It’s February 2018, and a small group of Harvard researchers are standing on a stage in New Orleans unveiling a system that automates the detection of so-called gang crimes.

A wave of concern ripples through the audience: Data on criminal activity is notoriously unreliable and often subject to manipulation and misclassification. In one notorious case, a California state database of “gang” members was found to contain at least 42 babies.

The Harvard researchers didn’t appear to have questioned the integrity of their source data and hadn’t thought through the unintended consequences of implementing a system like this. They hadn’t acknowledged the problem of racial profiling or of damaging innocent people who are wrongly identified. In fact, they hadn’t considered any ethical obligations at all.

When asked how the tool would be used, one of the project’s computer scientists confessed he didn’t know.

“I’m just an engineer,” he said.

This kind of response is a cop-out, and the audience knew it.

If you have the temerity to insert your work into a political issue that, by and large, doesn’t immediately affect your life, you should also be prepared to accept the consequences — or, at the very least, answer a few hard questions.

To the credit of advocates, journalists, and academic researchers, issues of fairness and bias in the algorithmic and data-driven systems that govern our lives have recently taken on an increasing sense of urgency. This heightened awareness allowed people to challenge this work immediately, whether in the room or online.

It’s a conversation that is essential for constructively scrutinizing technology and the role we want it to play in our world.

But the problem here isn’t only one of biased datasets or unfair algorithms and of unintended consequences. It’s also indicative of a more persistent problem of researchers actively reproducing ideas that damage vulnerable communities and reinforce current injustices.

Even if the Harvard team’s proposed system for identifying gang violence is never implemented, hasn’t a kind of damage already been done? Wasn’t their project an act of cultural violence in itself?

Is “Data Violence” Really a Common Problem?

In 2015, a black developer in New York discovered that Google’s algorithmic photo recognition software had tagged pictures of him and his friends as gorillas.

The same year, Facebook auto-suspended Native Americans for using their real names, and in 2016, facial recognition was found to struggle to read black faces.

Software in airport body scanners has flagged transgender bodies as threats for years. In 2017, Google Translate took gender-neutral pronouns in Turkish and converted them to gendered pronouns in English — with startlingly biased results.

“Violence” might seem like a dramatic way to talk about these accidents of engineering and the processes of gathering data and using algorithms to interpret it. Yet just like physical violence in the real world, this kind of “data violence” (a term inspired by Dean Spade’s concept of administrative violence) occurs as the result of choices that implicitly and explicitly lead to harmful or even fatal outcomes.

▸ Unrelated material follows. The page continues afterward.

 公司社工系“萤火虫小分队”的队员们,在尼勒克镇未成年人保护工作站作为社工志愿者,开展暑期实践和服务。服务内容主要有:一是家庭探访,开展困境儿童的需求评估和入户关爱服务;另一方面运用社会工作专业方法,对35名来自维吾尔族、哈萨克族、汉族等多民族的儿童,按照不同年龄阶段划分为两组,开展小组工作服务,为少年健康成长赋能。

Those choices are built on assumptions and prejudices about people, intimately weaving them into processes and results that reinforce biases and, worse, make them seem natural or given.

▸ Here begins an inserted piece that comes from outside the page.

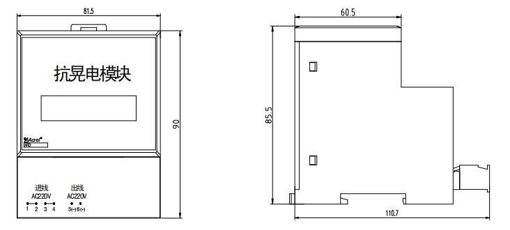 互感器部分(保护器电流规格为250A时所配电流互感器) 互感器部分(保护器电流规格为800A时所配电流互感器) 漏电互感器 4.3显示模块外形尺寸 4.4AC380V电源模块 4.5抗晃电模块 4.6 90L显示模块面板

Take the experience of being a woman and having to constantly push back against rigid stereotypes and aggressive objectification.

Writer and novelist Kate Zambreno describes these biases as “ghosts,” a violent haunting of our true reality. “A return to these old roles that we play, that we didn’t even originate. All the ghosts of the past. Ghosts that aren’t even our ghosts.”

Structural bias is reinforced by the stereotypes fed to us in novels, films, and a pervasive cultural narrative that shapes the lives of real women every day, Zambreno describes. This extends to data and automated systems that now mediate our lives as well. Our viewing and shopping habits, our health and fitness tracking, our financial information all conspire to create a “data double” of ourselves, produced about us by third parties and standing in for us on data-driven systems and platforms.

These fabrications don’t emerge de novo, disconnected from history or social context. Rather, they often pick up and unwittingly spit out a tangled mess of historical conditions and current realities.

Search engines are a prime example of how data and algorithms can conspire to amplify racist and sexist biases. The academic Safiya Umoja Noble threw these messy entanglements into sharp relief in her book Algorithms of Oppression. Google Search, she explains, has a history of offering up pages of porn for women from particular racial or ethnic groups, and especially black women. Google have also served up ads for criminal background checks alongside search results for African American–sounding names, as former Federal Trade Commission CTO Latanya Sweeney discovered.

“These search engine results for women whose identities are already maligned in the media, such as Black women and girls, only further debase and erode efforts for social, political, and economic recognition and justice,” Noble says.

These kinds of cultural harms go well beyond search results. Sociologist Rena Bivens has shown how the gender categories employed by platforms like Facebook can inflict symbolic violences against transgender and nonbinary users in ways that may never be made obvious to users.

This is yet another cultural aggression, enabled by the language we use, the media we create, and the products and services we build.

But more than simply reflecting problematic social attitudes, these systems reinforce and amplify them. As with Zambreno’s heroines, users have to actively struggle against the society’s ghosts — against longstanding and harmful conceptions of individual and group identities that haunt our data and are reproduced by and through algorithms.

Are Engineers Asking the Right Questions?

Discussion of all these cases quickly veers toward fairness, accountability, and transparency. A kind of forensic instinct kicks in: How, technically, did this happen? How, technically, can we prevent it from happening again?

Many of those involved are engineers, researchers, or computer scientists who view these as primarily technical issues, and therefore focus on technical solutions such as algorithm auditing. But if we continually ignore the social dimensions of a problem in favor of technical solutions, we risk trapping ourselves in a continual game of technical whack-a-mole.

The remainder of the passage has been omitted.